По субботам мы готовили картофель фри, и я помогала маме. Прежде ей помогал отец. Ему нравилось чистить картошку, а мне нравилось смотреть, как он это делает. Он был так же немногословен за этим занятием, как и за другими, но тут, по крайней мере, от него исходили хоть какие-то звуки, и это радовало. Ты знаешь, что я тебя люблю, Камилла. Да, я всегда вкладывала в каждое движение его ножа одни и те же слова: ты знаешь, что я тебя люблю, Камилла.
Однако в ту субботу из-под моего ножа выползли совсем другие слова: «Папа покончил с собой; ты ведь знаешь, мама, что он покончил с собой?» Фритюрница грохнулась на пол, разбив кафель, и масло разлилось вокруг застывших ног матери. Напрасно я потом яростно оттирала плитки, наши подошвы еще много дней скользили по ним, заставляя звучать в ушах мои безжалостные слова: «Папа покончил с собой; ты ведь знаешь, мама, что он покончил с собой?» Стараясь их заглушить, мы с Пьером говорили громче обычного — мне кажется, нам хотелось заглушить еще и молчание мамы, которая с той субботы почти перестала разговаривать.
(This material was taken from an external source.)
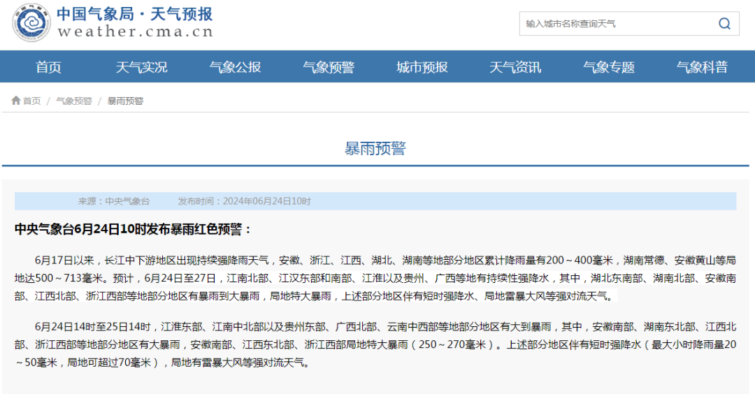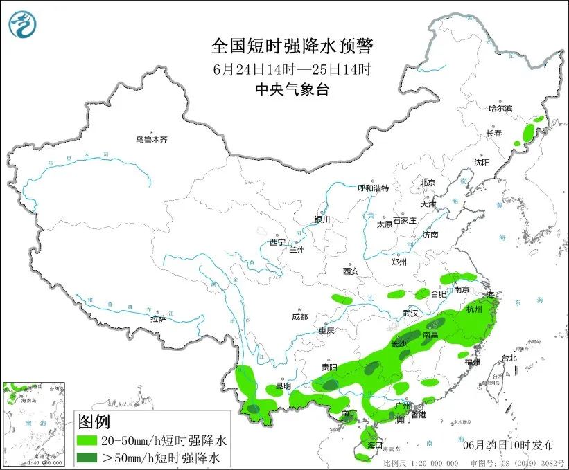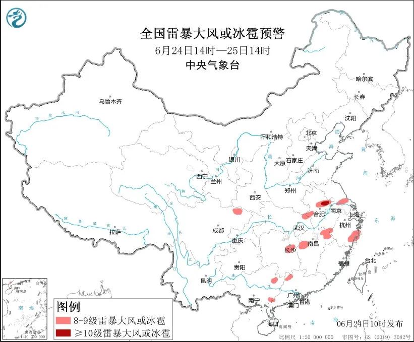 中央气象台6月24日10时继续发布强对流天气蓝色预警:预计6月24日14时至25日14时,安徽中部、江苏中南部、湖北东部、湖南中部、江西中北部、浙江中南部、四川东北部、广西东部、广东西部等地的部分地区将有8级以上雷暴大风或冰雹天气,其中,安徽中部局地将有10级以上雷暴大风;吉林东部、安徽中部、江苏中部、湖北北部、湖南中南部、江西中北部、浙江、福建北部、四川东北部、贵州南部、云南中南部、广西、广东中西部和北部等地的部分地区将有小时雨量大于20毫米的短时强降水天气,其中,湖南中南部、江西中北部、云南西南部、广西北部和南部、广东西南部沿海等地的局地小时雨量大于50毫米,最大可达70毫米以上。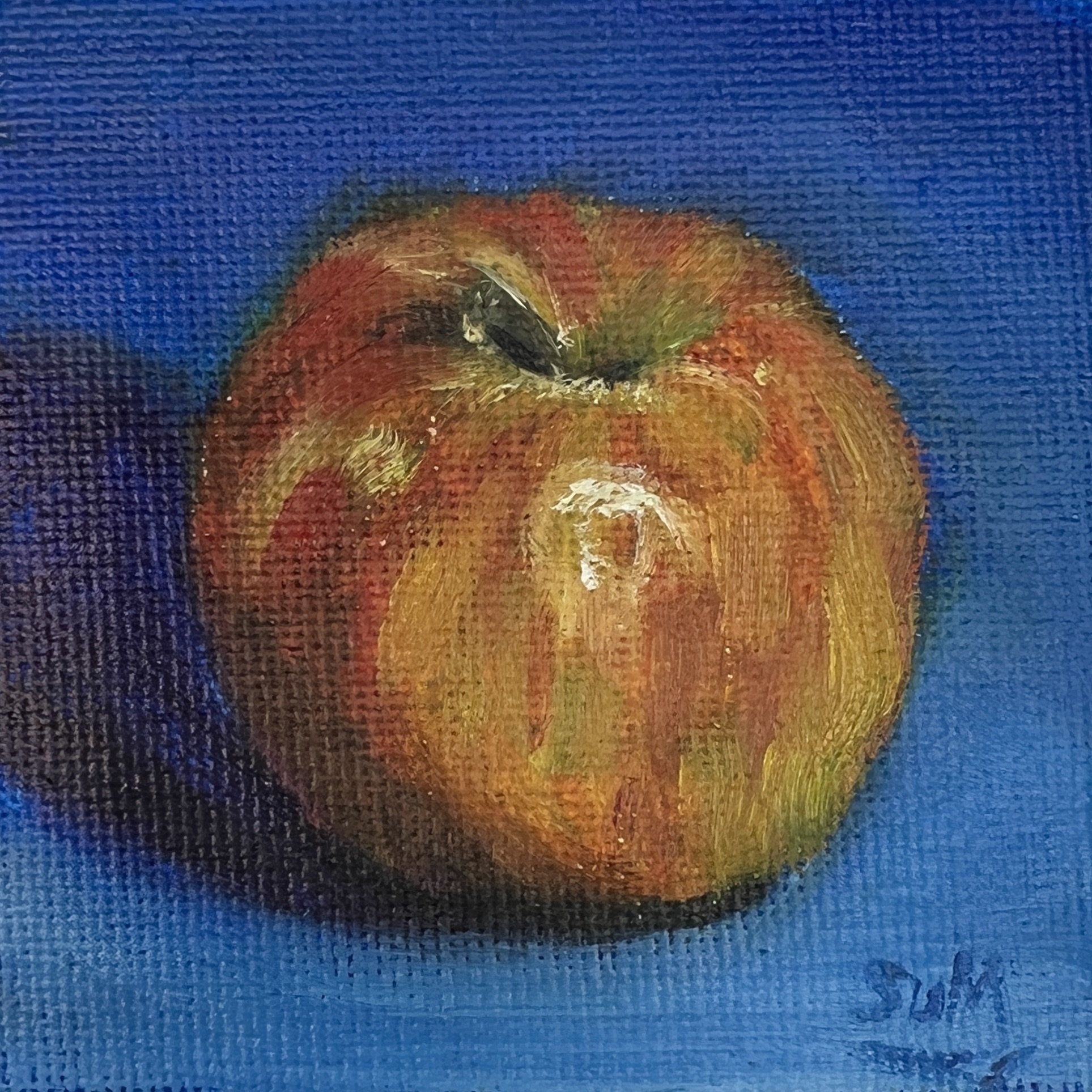 Part of The Minis collection, this original oil painting captures an apple against a rich blue background in a study of light, tone, and colour.

Кафельные плитки в кухне так и остались расколотыми; я осознала это лишь на прошлой неделе, показывая мамин дом супружеской паре — потенциальным покупателям. Наверное, эти потенциальные покупатели, если они превратятся в покупателей реальных, будут при каждом взгляде на длинную трещину в полу осуждать небрежность бывших хозяев; замена плиток станет их первоочередной задачей при ремонте дома, они впрягутся в эту работу с радостью, а значит, мое жестокое разоблачение пойдет хоть кому-то на пользу. Я во что бы то ни стало должна продать мамин дом этим людям или другим, наплевать кому именно, лишь бы только купили. Мне он не нужен, да и Пьеру тоже: место, где любая вещь напоминает о мертвых, не годится для житья.
Когда мама вернулась с церемонии, она показала мне медаль. И рассказала, что тот тип, который вручил ей награду, был какой-то косорылый; она неумело изобразила его перекошенную физиономию, попытавшись при этом засмеяться. Со дня папиной смерти она только это и могла — пытаться. Потом она вложила медаль мне в руки, крепко сжала их со словами: «Она принадлежит тебе», — и тут же залилась слезами — что-что, а это ей удавалось отлично. Ее слезы падали на мои руки, и я резко отдернула их: невыносимо было ощущать ее горе на своей коже.
Я прочла первые письма с соболезнованиями, и мне на руки закапали мои собственные слезы, напомнив те давние, мамины; я дала им волю, желая увидеть, куда же утекли слезы той, которую я так любила. Я прекрасно знала, о чем говорится в этих письмах: о том, что мама была необыкновенной женщиной, что потеря близкого человека всегда ужасна, что нет более тяжкого горя, чем смерть матери, и так далее и тому подобное, — даже и читать не стоило. Поэтому я каждый вечер раскладывала письма в два пакета: в правый — где на конвертах значился адрес отправителя, в левый — где его не было; доставая послание из левого, я первым делом смотрела на подпись, чтобы узнать, кто мне написал и кого следует благодарить. В конечном счете я выразила признательность очень немногим, но никто на меня не обиделся. Смерть извиняет любые отклонения от правил вежливости.